– Такое мое дело! – крикнула Анюта.

Женщина молчала, а Анюта переводила возмущенный взгляд с нее на Лешку. Щеки у Анюты покраснели, и она начала задыхаться.

– Какое твое, блядь, дело?! – крикнул Лешка и потряс в воздухе руками.

Анюта промолчала. Женщина опустила голову ниже, чуть наклонив вбок. Она раскачивалась – с усилием и внезапно откидывая голову, которая все равно клонилась вниз, словно на спине у нее лежал камень.

– Какое твое дело собачье? – повторил Лешка, поперхнувшись.

– Никакого, – мрачно ответила Аня.

– Тогда пасть заткни!

Все замолчали, тишина сделалась давящей, как будто на комнату тоже лег камень. Мать не шевелилась. Лешка подошел к окну и отдернул занавеску. Свет впрыснулся и потек, но до противоположной стены не дошел, остановившись у ног женщины. Она отдернула их, как обожженная. Дневной свет смягчил ее надутый живот. Разводы на Лешкиной коже поползли по плечам и вниз – по рукам.

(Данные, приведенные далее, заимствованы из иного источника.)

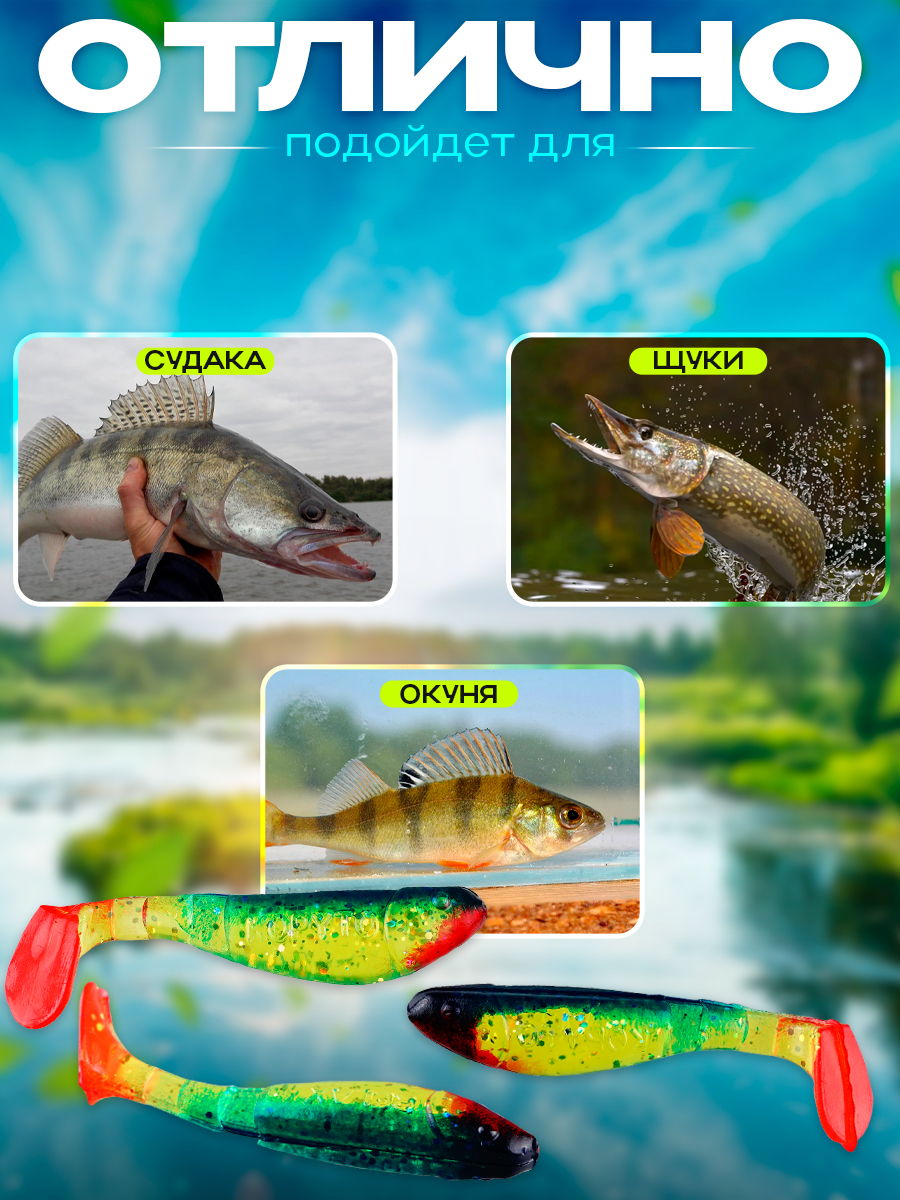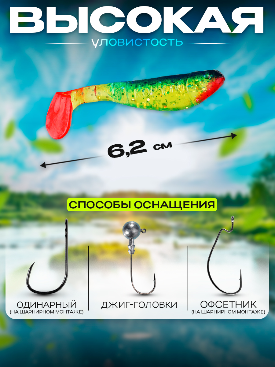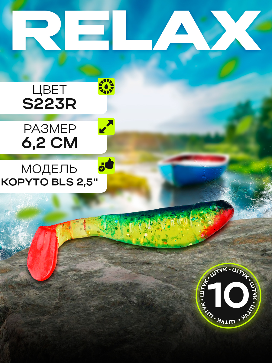 Виброхвосты Relax Kopyto BLS 2.5" 6,2см цвет S223R (желтый, зеленый, ченый, красный, с блестками) (1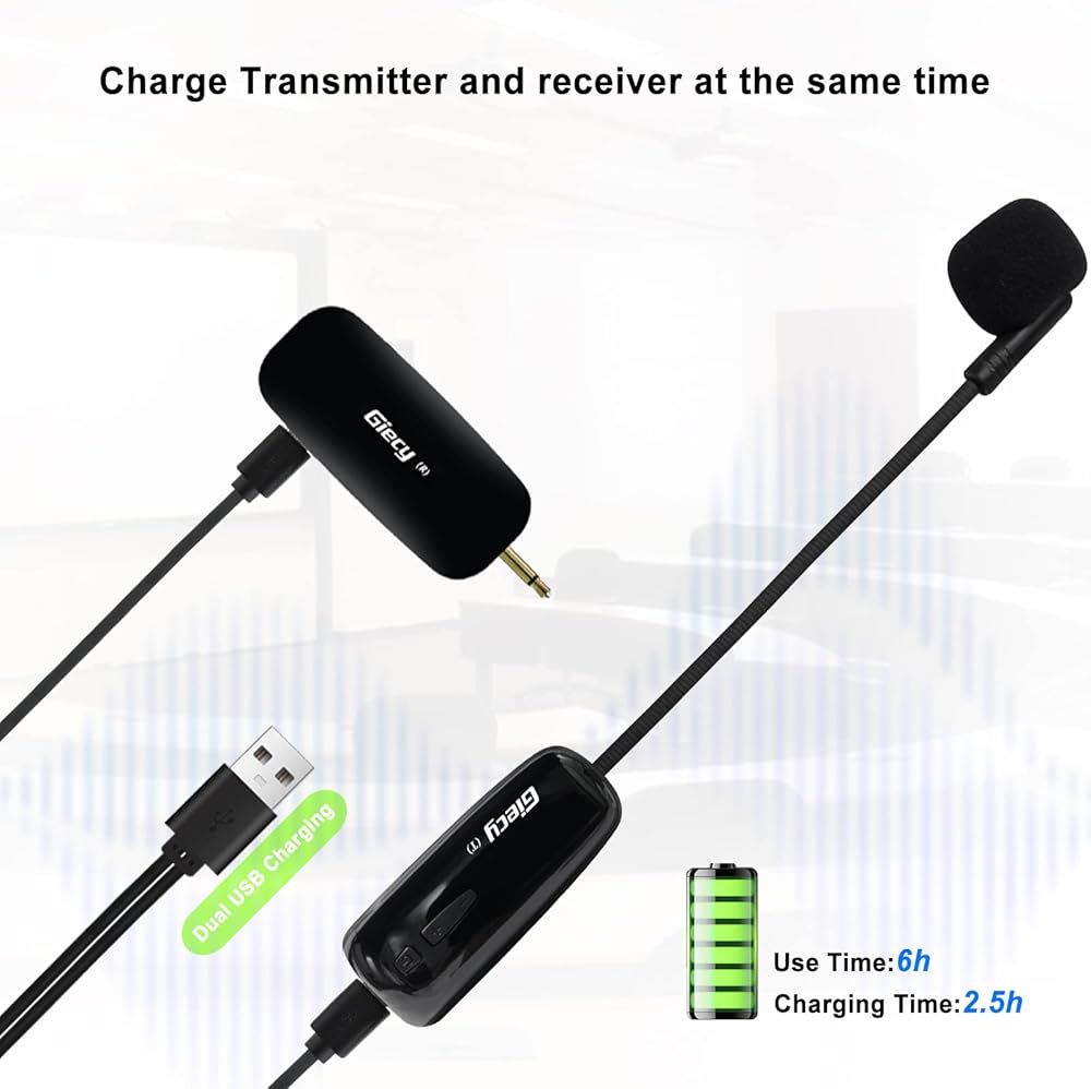 【متانة البطارية】: يحتوي جهاز الإرسال والاستقبال على بطاريات ليثيوم أيون مدمجة قابلة لإعادة الشحن بقدرة 400 مللي أمبير في الساعة، والتي يمكن أن توفر حوالي 6 ساعات من وقت العمل، ووقت الشحن 2.5 ساعة.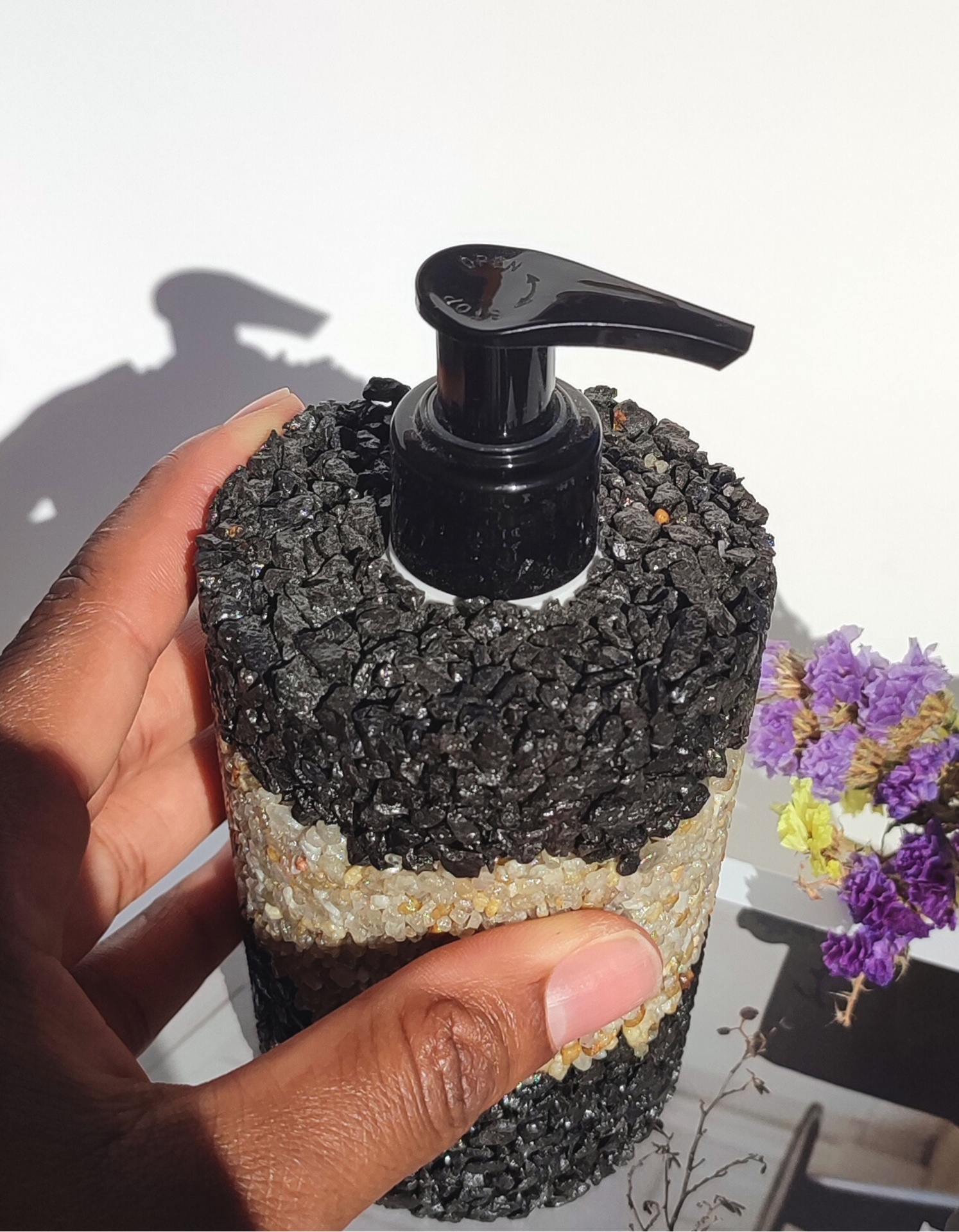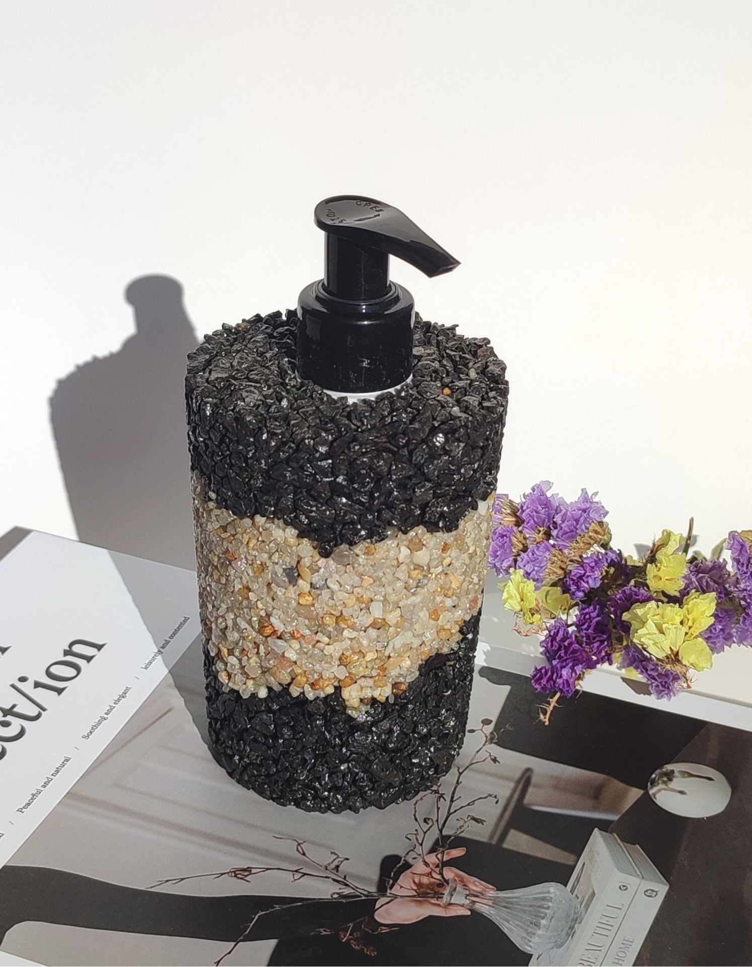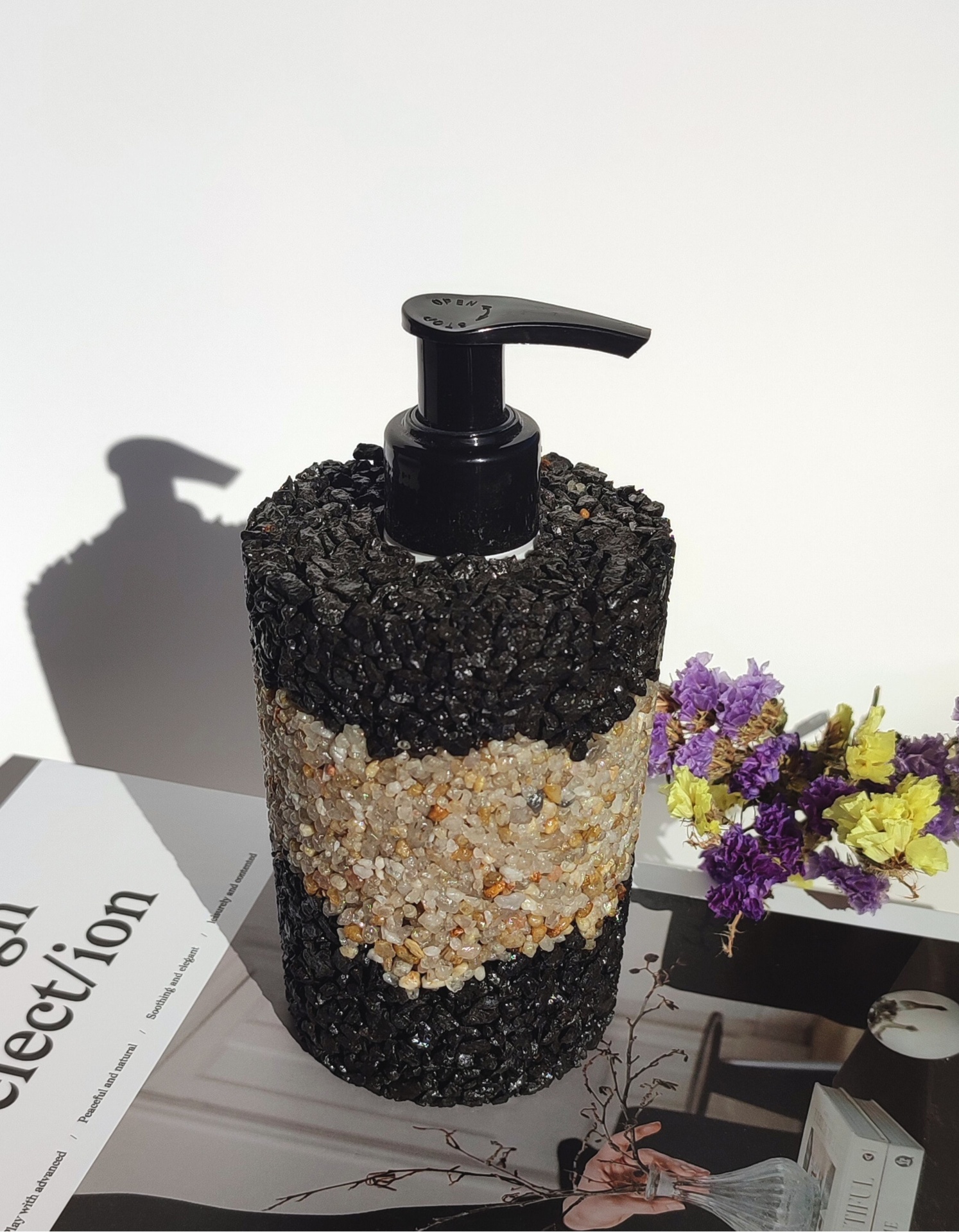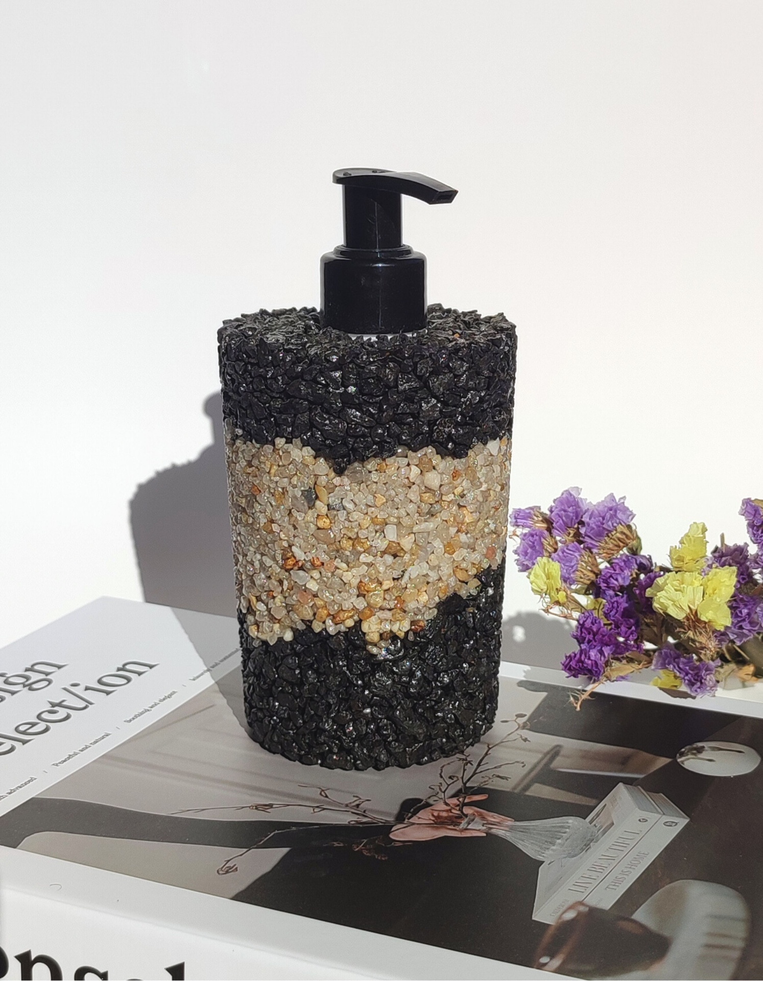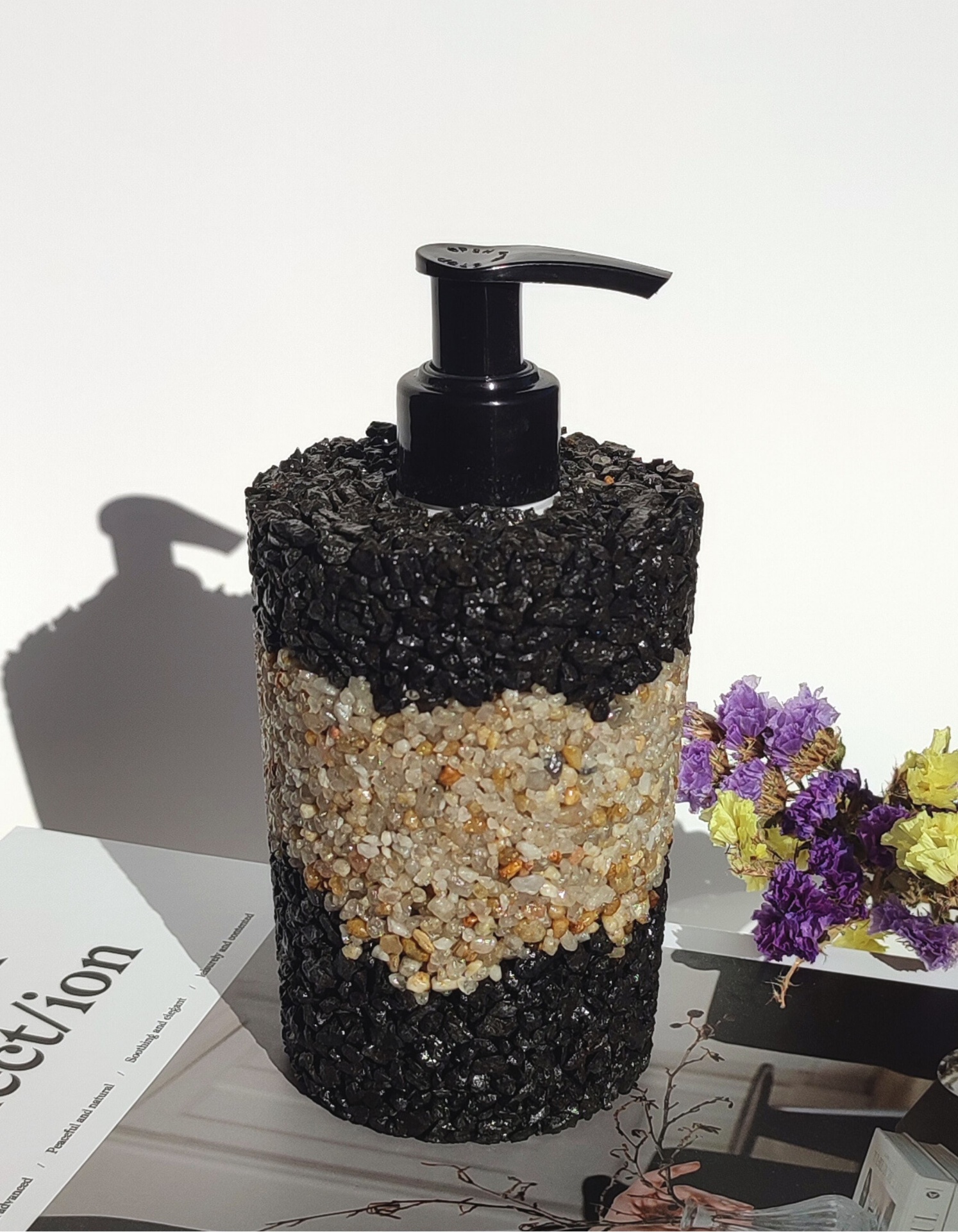 Dê um toque de sofisticação ousada à sua casa com este dispensador de sabonete em pedras naturais. O contraste entre as pedras pretas elegantes e a faixa central em pedras do rio cria uma peça de design moderna e exclusiva, perfeita para quem valoriza estilo e originalidade.

– Че ты тогда на мать мою наезжаешь? Ты кто такая, чтоб мать мою попрекать? – крикнул Лешка, встав к матери спиной.

Лешкины глаза выпучились. Как будто он просил Анюту о чем-то. Зрачки расширились и светились. Словно Лешка, отдернув занавеску с окна, впустил в глаза весь дневной свет, и только остатки потекли по комнате, захватив Анюту, но материных ног едва коснулись.

– Какая она тебе мать?! – истерично закричала Анюта. – Приперлась, такая умная, на все готовое! Где она раньше была?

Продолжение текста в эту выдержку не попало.